▶ [Task objective] Each line below should be retyped exactly, with no pictures.

▶ [Given data]

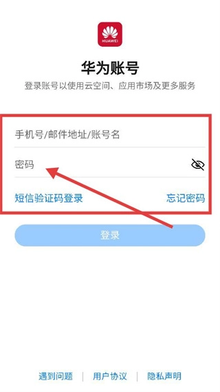 3、在【华为账号】登录页,可通过【手机号/邮件地址/账号名】+密码登录,也可选择【短信验证码登录】或【忘记密码】功能。
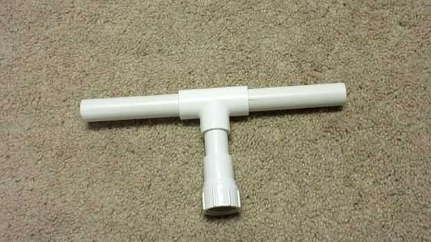 A continuación, añadir los tubos de 4 pulgadas a los lados del conector en T y el tubo de 2 pulgadas en la parte inferior. El adaptador de la manguera se conecta a la tubería de 2 pulgadas.
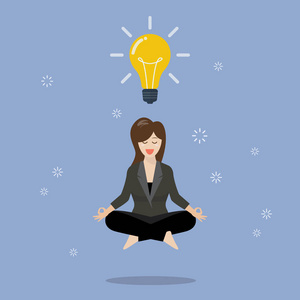 蓝天白云下一个正坐在灯泡里思考的女人自闭症日

▶ [Answer to the exercise]
 3、在【华为账号】登录页,可通过【手机号/邮件地址/账号名】+密码登录,也可选择【短信验证码登录】或【忘记密码】功能。
 A continuación, añadir los tubos de 4 pulgadas a los lados del conector en T y el tubo de 2 pulgadas en la parte inferior. El adaptador de la manguera se conecta a la tubería de 2 pulgadas.
 蓝天白云下一个正坐在灯泡里思考的女人自闭症日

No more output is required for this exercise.